Word correction module consists of several functions. In the word correction software there is one main function, which is correct function. Other functions such as supporting function to adjust the input with the Indonesian grammar. Correct function matches the input and correct it as well. The correct function uses a dictionary (list of words) in Indonesian as a reference to correct it. There are support function to overcome constraints on the use of numbers and the name of the dictionary as described in the literature, such as: 1. The function to break text into words. 2. The function to check number in text. 3. The function to check uppercase letter at the beginning of the sentence. 4. The function to check punctuation mark at the end of the sentence. 5. The function to check name (uses uppercase letter) in the sentence. 6. The function to combine all word output from previous execution.

Design Implementation

Implementation of the word correction module consists of:

The first step is arrange words in Indonesian language to be used in the dictionary. The dictionary is used to compare each input with Indonesian language. The words in this dictionary comes from the words that exist in KBBI (Kamus Besar Bahasa Indonesia). The number of words in this dictionary are the result of the reduction of as many as 50,850 words. The number is a combination of basic words, conjunctions, repeated words, absorption words, numerals, question words, pronouns, affixes, prefixes and suffixes.

Compiling word correction module

Correction word module compiled by adapting corrector made by Peter Norvig. In this word correction module, because common error from the output image processing usually occurs in letter, not the length of the word, then the correction function just replace the error word. This function will only replace the word if the length of the input equal to the length of the word in the dictionary. The use of this kind of replacing is also considering the computational load. If only use one replacing function, for word length is n and edit distance is one then it will only occur n-1 transposition distances.

From literature about spelling correction, it claims that 80% to 95% of spelling errors have an edit distance of one from the target. Based on research by Peter Novrig on 270 errors in spelling, it is found that only 76% of them have one edit distance. Further research obtain a good coverage, in the test case 270, only three had a distance greater than two. That means, the correction of input will include two letters 98.9% of the case. Because of the correction do not exceed two distance correction, the optimization that can be done is simply to maintain the substitute word that will be used totally familiar words [7].

There is no general provision limiting character differences which is corrected. However, based on the research results of the foregoing and considering the computational load, it is used a limit of two characters to this correction function. This correction function uses probability-based methods which are do a training for the input word so that possible words that will be issued as a substitute of a corrected word depend on the frequency of occurrence of the word. The Voice Processing Module Text-to-Speech TTS (Text-to-Speech) is a system that can convert input from text into speech.

Text-to-Speech in principle consists of two subsystems that are:

Text to phoneme converter is used to convert the sentence input in a particular language in the form of text into a series of codes that usually represented by the sound of the phoneme codes, its duration and pitch. This section is language dependents.

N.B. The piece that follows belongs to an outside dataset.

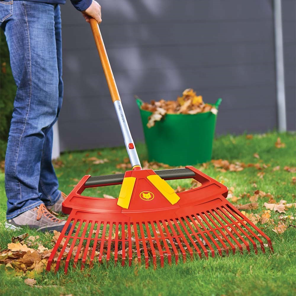 Med denne fleksible løvrive, som kan skilles i 3 dele, og som du kan justere bredden på til 20, 48 eller 76 cm, kan du komme ind i alle hjørner og kroge og hurtigt få revet græs og blade m.m. sammen, så udendørsarealerne ser pæne ud igen.

Phoneme to Speech converter

Phoneme to Speech converter will accept input in the form of codes as well as the pitch and duration of phonemes produced by the previous section. System Design Fig. 5 showed the voice processing module diagram.

Fig. 5. Design level 0 of voice processing module By considering the use of Linux platform, the availability of Indonesian dialect, and the results of simulation in TTS, it is selected eSpeak and Google TTS for TTS software. The specifications of the general function of the system to be achieved are as follows:

  1. The output voice have Indonesian dialect with the percentage of reading intelligibility tolerance is 0.02%.
  2. There are additional feature such as play, stop and pause the sound. Design Implementation The voice processing module implementation diagram.

Python's standard library covers a wide range of modules. The voice processing module uses OS package which provides file and process operations, pygame package which provides functions for playing sounds, RPi.GPIO package which provides a class to control the GPIO on a Raspberry Pi, and subprocess package which allows to spawn new processes, connect to their input/output/error pipes, and obtain their return codes.The isPause and isStop are variables that will be used for the audio player features. These variables are initialized with a value of False, which means they have not been active.

Setting

Setting out the GPIO pin numbering in accordance with the breakout board.

The main program provides functions to retrieve and process the input image, convert it into a sound signal, and play, stop, pause, or exit the voice output.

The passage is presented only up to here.